معرفی
Xavier Pennec is a Senior Research Scientist (Directeur de Recherche) at Inria since 2007, holding the 3IA Côte d'Azur Chair on Geometric statistics and geometric subspace learning. He is affiliated with the Inria centre at Université Côte d'Azur and leads the Epione team in Sophia Antipolis.
His educational background includes a PhD from Ecole Polytechnique (1996), Habilitation from University of Nice-Sophia Antipolis (2006), Master's degree from Ecole Polytechnique and Ecole Normale supérieure (1993), and Engineer Degree from Ecole Polytechnique (1992). He previously served as a Research Scientist at INRIA (1998-2007) and Post-doctoral associate at MIT (1997).
His research focuses on the intersection of statistics, differential geometry, computer science and medicine, particularly in computational anatomy. He has made significant contributions to geometric statistics involving statistical computing on Riemannian manifolds and other geometric structures. His work includes mathematically grounded methods for medical image registration, statistics on shapes, and clinical research applications. He co-edited the first reference book on Riemannian Geometric Statistics in Medical Image Analysis (2020) and was awarded the ERC Advanced Grant G-Statistics in 2018.
His publications demonstrate expertise across geometric statistics, manifold-valued image processing, medical image registration, and computational anatomy, with recent work focusing on implementing theoretical frameworks through the Geomstats software.

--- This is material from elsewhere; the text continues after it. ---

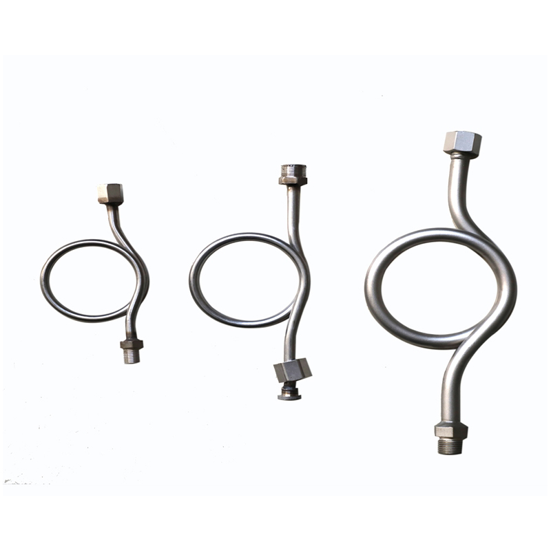 Thiết bị ngưng tụ đồng hồ đo áp suất, còn được gọi là khuỷu tay áp suất hoặc ống đệm, là một thành phần được sử dụng để kết nối đồng hồ đo áp suất với thiết bị hoặc đường ống để đo áp suất. Nó được thiết kế để đệm tác động tức thời của môi trường đo được trên ống lò xo của máy đo áp suất, đồng thời, nó có thể làm giảm nhiệt độ của môi trường đo được. Nó là một thiết bị để bảo vệ đồng hồ đo áp suất.

- ERC Advanced Grant G-Statistics (2018)
He teaches in the Master MVA (Mathematics, Vision, Learning) program at ENS Saclay (28h module) and the Master of Data Science and Artificial Intelligence at Université Côte d'Azur (30h module), both with H. Delingette. His research has been presented at numerous conferences including MICCAI, IPMI, and workshops on Mathematical Foundations of Computational Anatomy (MFCA) which he animated from 2006 to 2019.
He has contributed to EU projects including Health-e-Child, developing computational anatomy models for brain and heart shape variability using geometric currents and diffeomorphisms. His current research through the ERC G-Statistics project aims to ground the mathematical foundations of geometric statistics and demonstrate their impact on life science applications.